Exchange-traded funds, which have become popular among investors seeking exposure to a diversified portfolio of assets, share this characteristic, especially when their returns are replicated using derivative products.

As the volume of such products grows, such replication strategies can lead to a build-up of systemic risks in the financial system.

This article examines the operational frameworks of exchange-traded funds and identifies potential channels through which risks to financial stability can materialise._ 


http://www.bis.org/publ/work343.pdf


.


----------



## mordko (Jan 23, 2016)

Derivatives are a whole other matter. IMHO ETFs using derivatives on a significant scale should be avoided by people trying to build their retirement portfolios.


----------



## olivaw (Nov 21, 2010)

humble_pie said:


> .http://www.bis.org/publ/work343.pdf


Good read. I also avoid products that use derivatives because I am not smart enough to assess the risk. 



> Synthetic replication schemes transfer the risk of any deviation in the ETF’s return from its
> benchmark to the swap provider, which is effected by entering into a derivatives contract to
> receive the total return of the benchmark. This protects investors from the tracking error risk
> which physical replication schemes would otherwise expose them to. However, there is a
> ...





> Some structures may employ multiple swap counterparties for the transaction. The
> composition of the assets in the collateral basket can change daily ...


:eek2: :eek2: :eek2: :eek2:


----------



## humble_pie (Jun 7, 2009)

.

it's not possible to determine the extent of derivative usage in any one fund.

regulators in both canada & the US permit representational sampling, option trading & other proxy practices without requiring that tangible evidence of such practices be included in audited holdings statements.

what does that mean? it means a fund with synthetic derivatives representing part of its alleged holdings, is still allowed to claim the full list of alleged holdings as if it actually did hold each named security in full.

where does one look to find out if a fund holds derivatives? in the prospectus. The boilerplate will accuratelly spell out that the fund is engaged in representational sampling, option trading, futures trading, etc.

what this means is that a party wishing to research a fund must read the financial statements in order to find out if the fund is lending securities & must also read the prospectus in order to find out if the fund is trading derivatives.

quite an assignment. I don't know anyone other than james4 who regularly does the above.

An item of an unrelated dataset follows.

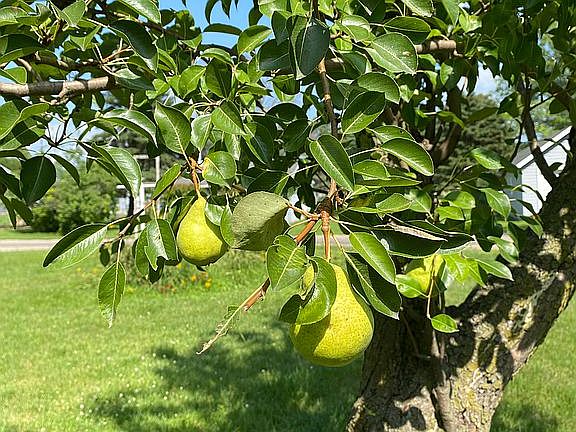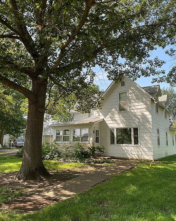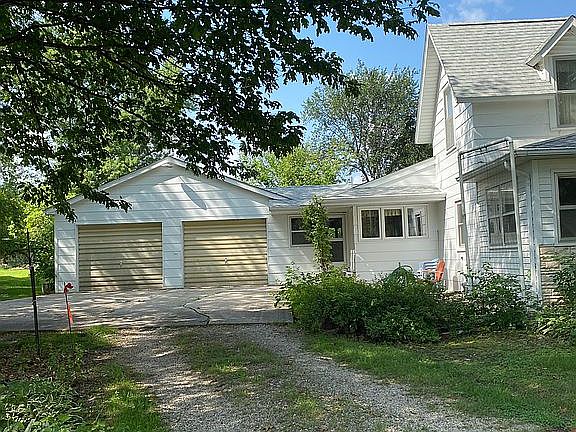 Older home to be sold AS IS. Very comfortable home that has been well loved. Large eat in kitchen with custom cabinets. Main floor laundry .Three season porch, main level bedroom. Double lot with many mature trees , pear and peach trees. Three out building for storage as well as a 2 car attached garage with work benches.

from the BIS study cited above:

_Exchange-traded funds, which have become popular among investors seeking exposure to a diversified portfolio of assets, share this characteristic [lack of transparency] especially when their returns are replicated using derivative products._


.


----------



## Market Lost (Jul 27, 2016)

humble_pie said:


> the above is something of a typical attitude. It doesn't mean that risk from securities lending by ETFs does not exist. It simply shows that most folks are indifferent to such risk.
> 
> Market Lost may i hone a fine point: you say risk is very low, yet you have an issue with lending securities to short sellers, which you mention is "often" done.
> 
> ...


There is also risk that the underlying securities will become worthless. These loans aren't being made without collateral, just as if you borrow from a bank, which is why I say the risk is low. I'm not indifferent to it, I'm just suggesting that if you obsess over every risk then why even invest?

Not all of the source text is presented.